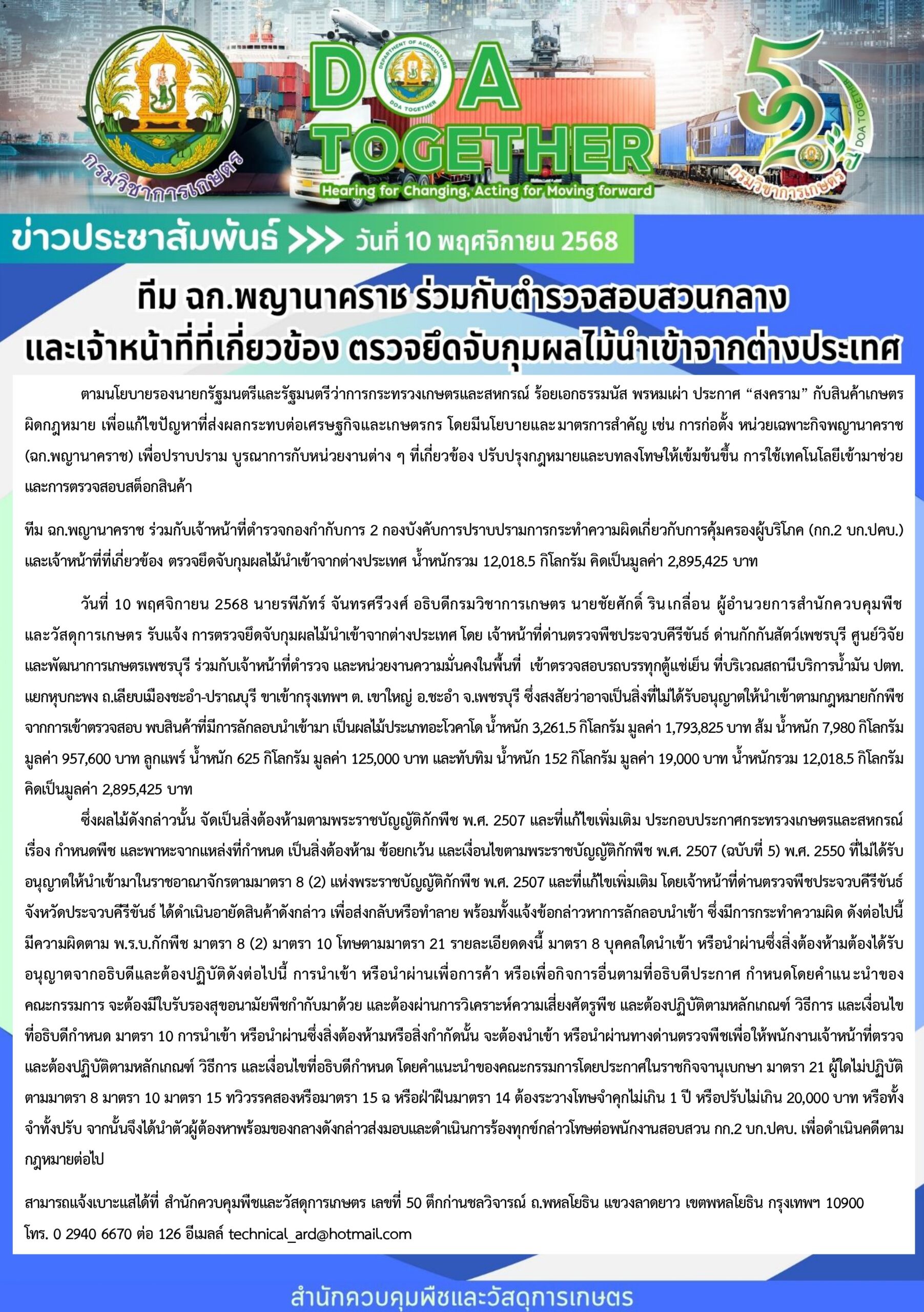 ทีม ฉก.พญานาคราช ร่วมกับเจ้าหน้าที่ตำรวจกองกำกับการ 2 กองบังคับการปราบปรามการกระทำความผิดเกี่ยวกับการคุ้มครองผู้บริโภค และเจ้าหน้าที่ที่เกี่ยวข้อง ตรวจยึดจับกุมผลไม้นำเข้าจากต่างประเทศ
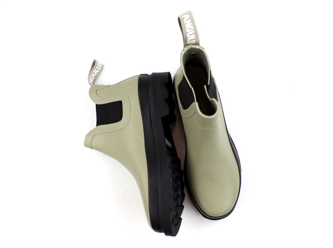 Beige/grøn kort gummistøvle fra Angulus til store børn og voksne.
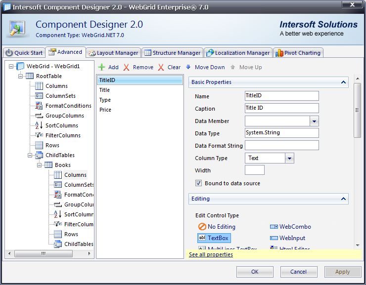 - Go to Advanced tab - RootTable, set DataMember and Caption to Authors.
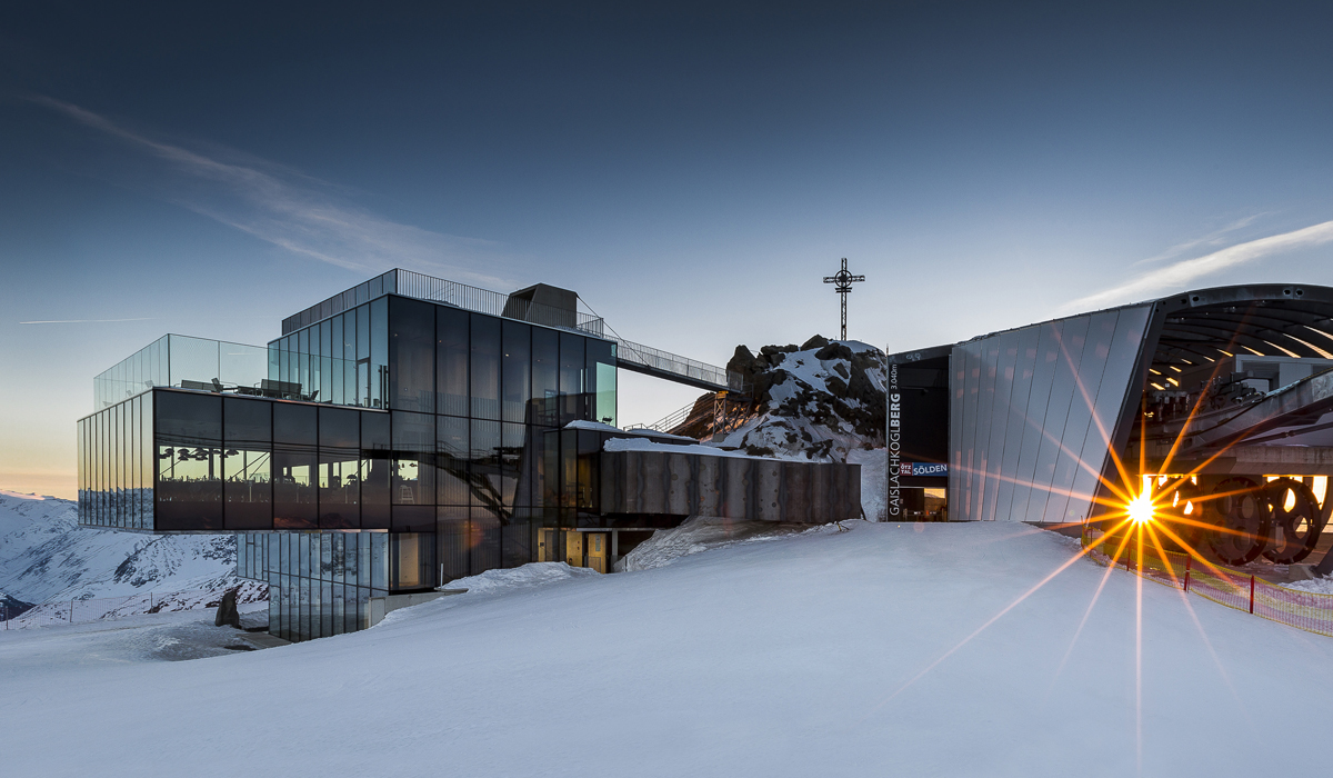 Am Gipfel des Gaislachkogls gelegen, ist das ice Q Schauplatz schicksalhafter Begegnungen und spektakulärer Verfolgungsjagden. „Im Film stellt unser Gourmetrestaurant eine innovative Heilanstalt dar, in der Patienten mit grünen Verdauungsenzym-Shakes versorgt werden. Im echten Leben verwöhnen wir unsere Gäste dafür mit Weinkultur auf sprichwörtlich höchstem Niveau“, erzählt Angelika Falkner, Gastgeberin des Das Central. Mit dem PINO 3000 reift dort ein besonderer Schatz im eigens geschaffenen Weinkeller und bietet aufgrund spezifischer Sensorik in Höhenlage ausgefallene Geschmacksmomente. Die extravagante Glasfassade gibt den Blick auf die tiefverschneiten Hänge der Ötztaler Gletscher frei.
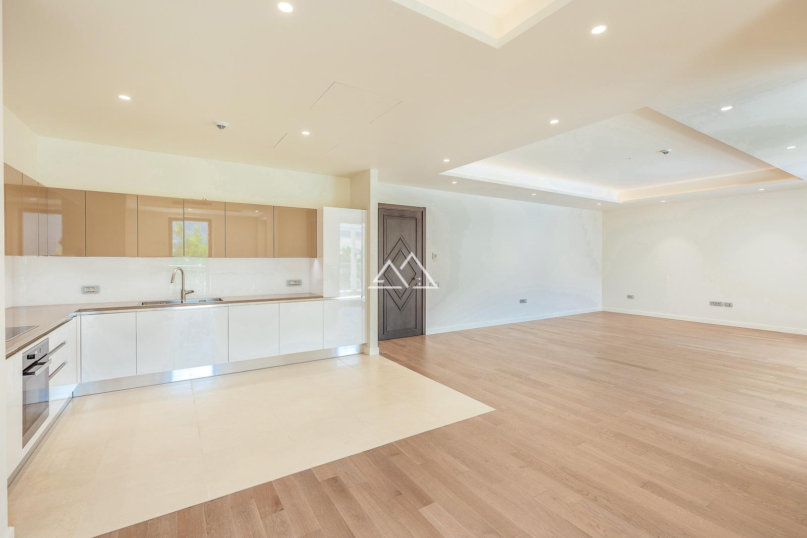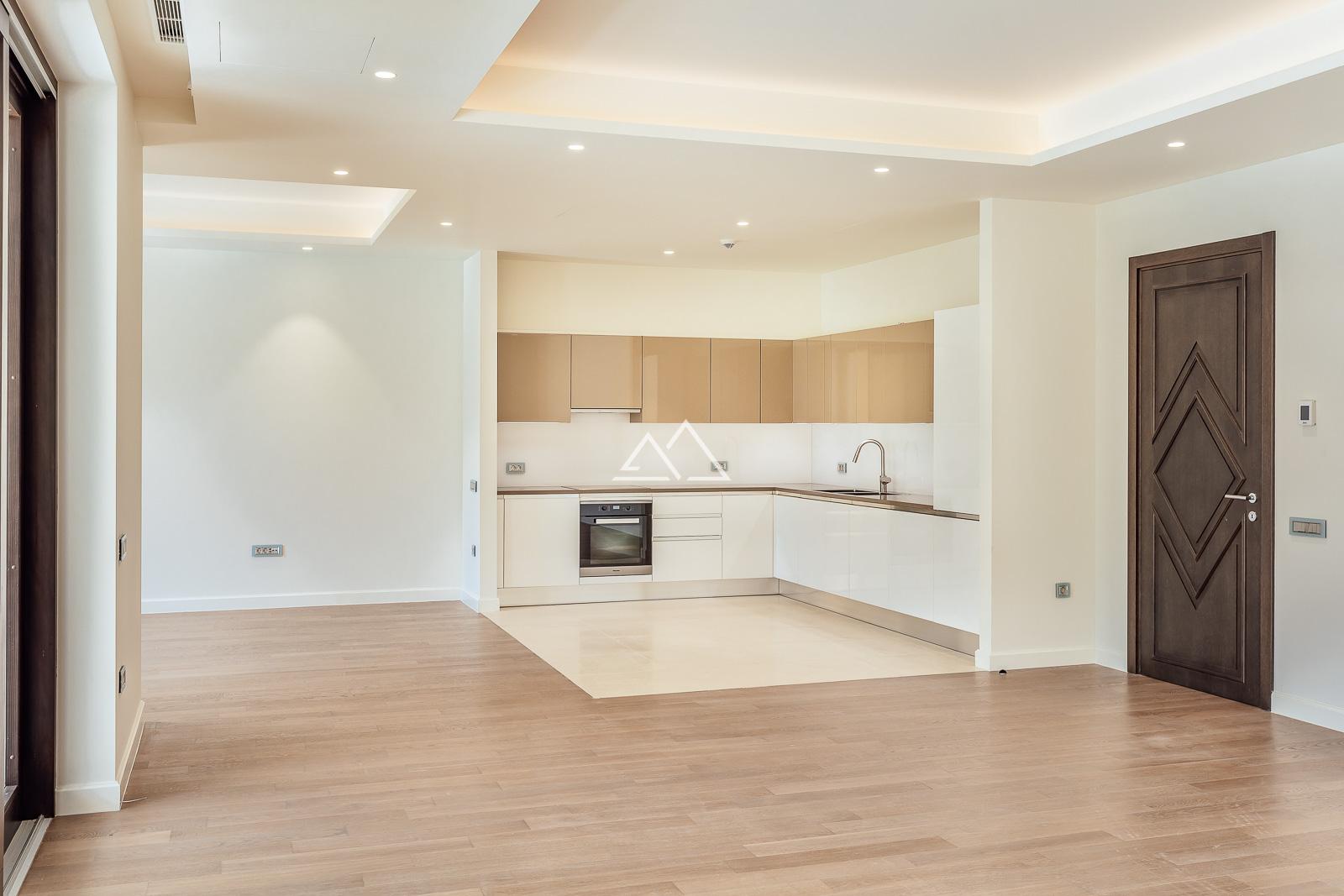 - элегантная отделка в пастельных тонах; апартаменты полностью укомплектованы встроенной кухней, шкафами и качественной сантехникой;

------

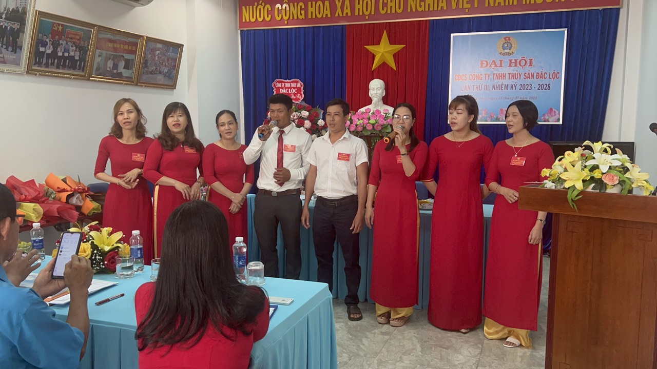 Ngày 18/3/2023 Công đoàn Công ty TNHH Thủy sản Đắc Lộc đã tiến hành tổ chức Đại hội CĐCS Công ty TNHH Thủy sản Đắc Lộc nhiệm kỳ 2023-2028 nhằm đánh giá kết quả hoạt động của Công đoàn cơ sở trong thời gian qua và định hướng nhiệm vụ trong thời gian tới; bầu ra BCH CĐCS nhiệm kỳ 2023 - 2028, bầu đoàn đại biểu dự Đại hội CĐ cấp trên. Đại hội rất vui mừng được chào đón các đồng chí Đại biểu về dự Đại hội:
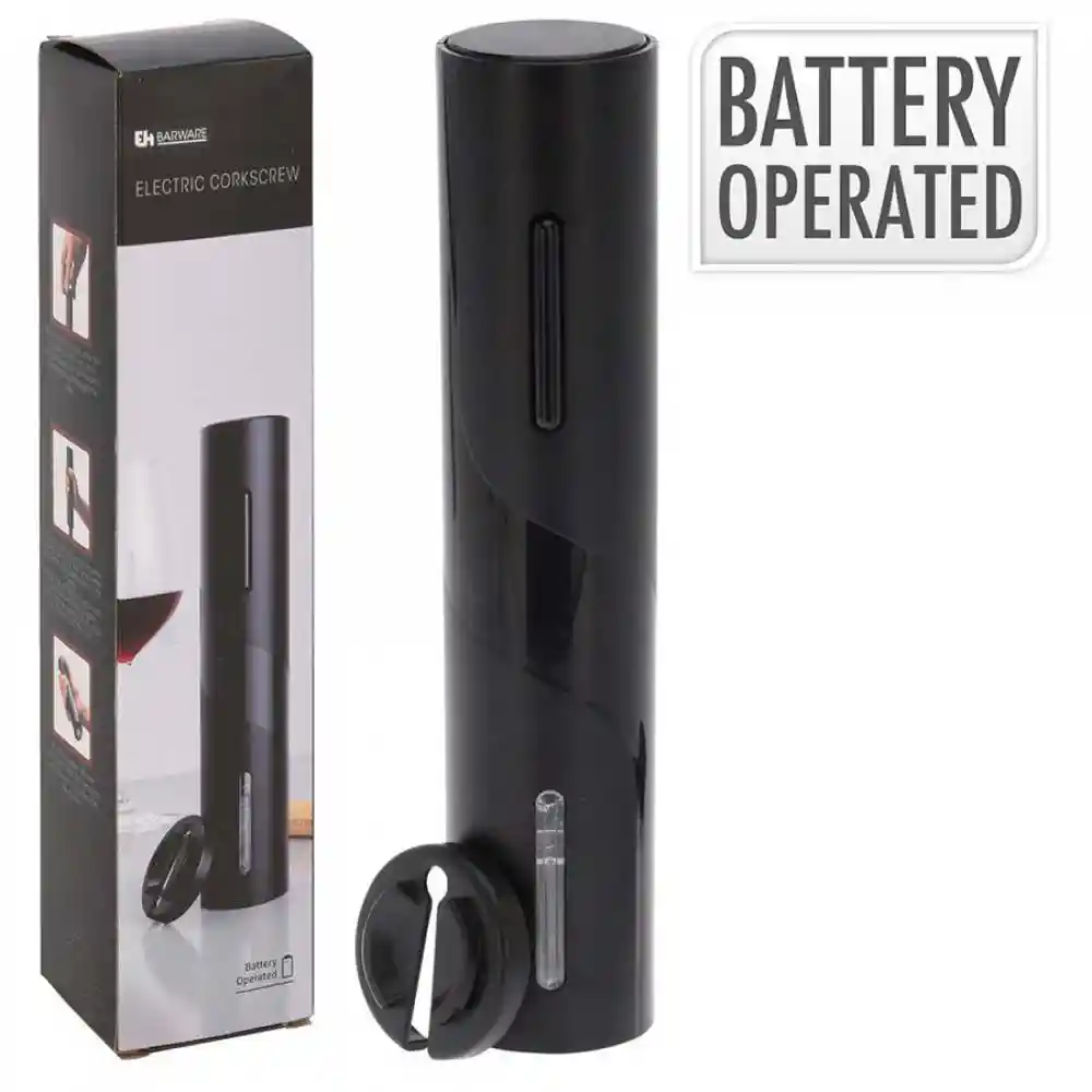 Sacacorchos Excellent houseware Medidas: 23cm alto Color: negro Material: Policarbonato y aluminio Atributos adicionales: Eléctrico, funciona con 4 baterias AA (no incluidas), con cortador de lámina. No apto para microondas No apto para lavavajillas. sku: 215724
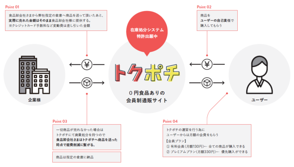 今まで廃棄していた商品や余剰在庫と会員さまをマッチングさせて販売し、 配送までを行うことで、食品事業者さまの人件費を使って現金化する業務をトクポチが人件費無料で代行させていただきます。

------

### Exercise brief:
Though the entries above contain pictures, none should be copied; reproduce only the lines between the one holding "ทีม ฉก.พญานาคราช ร่วมกับเจ้าหน้าที่ตำรวจกองกำกับการ" and the one holding "Beige/grøn kort gummistøvle", inclusive, exactly as written.

### Result for this exercise:
 ทีม ฉก.พญานาคราช ร่วมกับเจ้าหน้าที่ตำรวจกองกำกับการ 2 กองบังคับการปราบปรามการกระทำความผิดเกี่ยวกับการคุ้มครองผู้บริโภค และเจ้าหน้าที่ที่เกี่ยวข้อง ตรวจยึดจับกุมผลไม้นำเข้าจากต่างประเทศ
 Beige/grøn kort gummistøvle fra Angulus til store børn og voksne.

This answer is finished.